Корень поглядел на меня диким взглядом и вдруг спросил:
– Так он что… В смысле… Мертвый Борька что, на самом деле все это рассказал?!
– А ты что, при этом не присутствовал. Для кого же я работал ужасно вредную работу? Я, можно сказать, пупок надрывал, мертвяка на правду колол, а господин начальник даже внимания на мою трудовую деятельность не обратил! – Я разошелся и изгалялся на всю катушку.
– Ты знаешь… Ты знаешь, я думал, у меня галлюцинации начались. Я как увидел, что Борька язык убрал, глаза открыл и сел, сразу зарок дал – больше ни капли спиртного… – ошарашенный, Корень явно не знал, что и подумать.
– Ах да, я и забыл, что ты вчера в гордом одиночестве заливал огненной водой свой скорый конец и готовился хлебать тюремную баланду, когда я тебе документики твои позорные притаранил! – Я уже разозлился не на шутку.
Но Володька не обращал на мои издевки никакого внимания. Он, похоже, заново переживал впечатления от моего разговора с голым трупом в бескозырке. Несколько секунд спустя он вдруг замотал головой, а потом уставился на меня с явным ужасом и восхищением.
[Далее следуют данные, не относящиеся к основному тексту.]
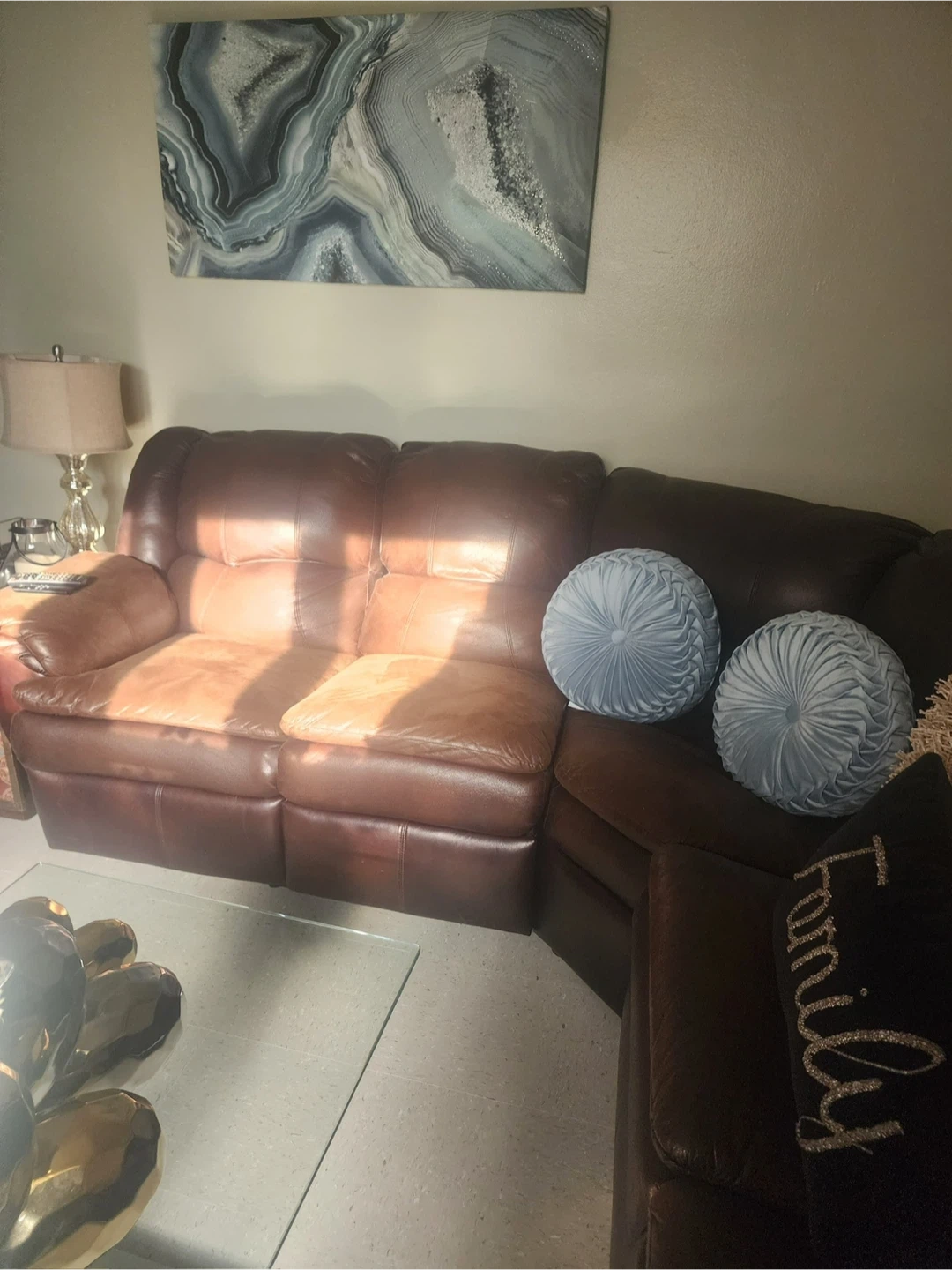 Selling a comfortable brown leather sectional sofa. It's in good condition and ready for a new home. Perfect for a living room or entertainment area. The leather is soft and the cushions are plush, making it a great place to relax

– Ну ты, конечно, не расскажешь, как ты это делаешь? – со скрытой надеждой в голосе констатировал он.
– Конечно, не расскажу, – согласился я. – Тем более что я сам до конца этого не понимаю. Ладно, все хорошо, что хорошо кончается, или, как говаривал покойник, – хорошо смеется тот, кто смеется последним. Так что радуйся жизни, Корешок. Пошли… – И я потянул его вверх по лестнице.
Он быстро пришел в себя. Что значит настоящий бизнесмен. Главное – результат, а как он получен… Да хоть с помощью Дьявола – ему все едино. Корень бодро вышагивал по лестнице, рассуждая, что необходимо будет установить на черных площадках стальные двери, а люк на… заварить.
А мне неожиданно стало как-то тоскливо. Вспомнился ночной разговор с бабушкой. Как она меня убеждала быть осторожнее!
На площадке я тронул Володьку за локоть и попросил:
– Слушай, я посижу здесь несколько минут. Мне подумать надо, а там у нас толкотня сейчас и гвалт.
Он долго смотрел на меня, кивнул и, уже открывая дверь, тихо спросил:
– Все в порядке? Может, надо чего?..
Я грустно улыбнулся и покачал головой.
Когда за ним закрылась дверь, я уселся на краешек относительно чистого подоконника и задумался. Сегодня вечером у меня предстояла важная встреча, которая еще неизвестно как кончится. Надо закруглить нерешенные дела. Никаких хвостов оставлять нельзя, чтобы потом стыдно не было. Да, собственно, у меня и оставалось-то доделать всего ничего.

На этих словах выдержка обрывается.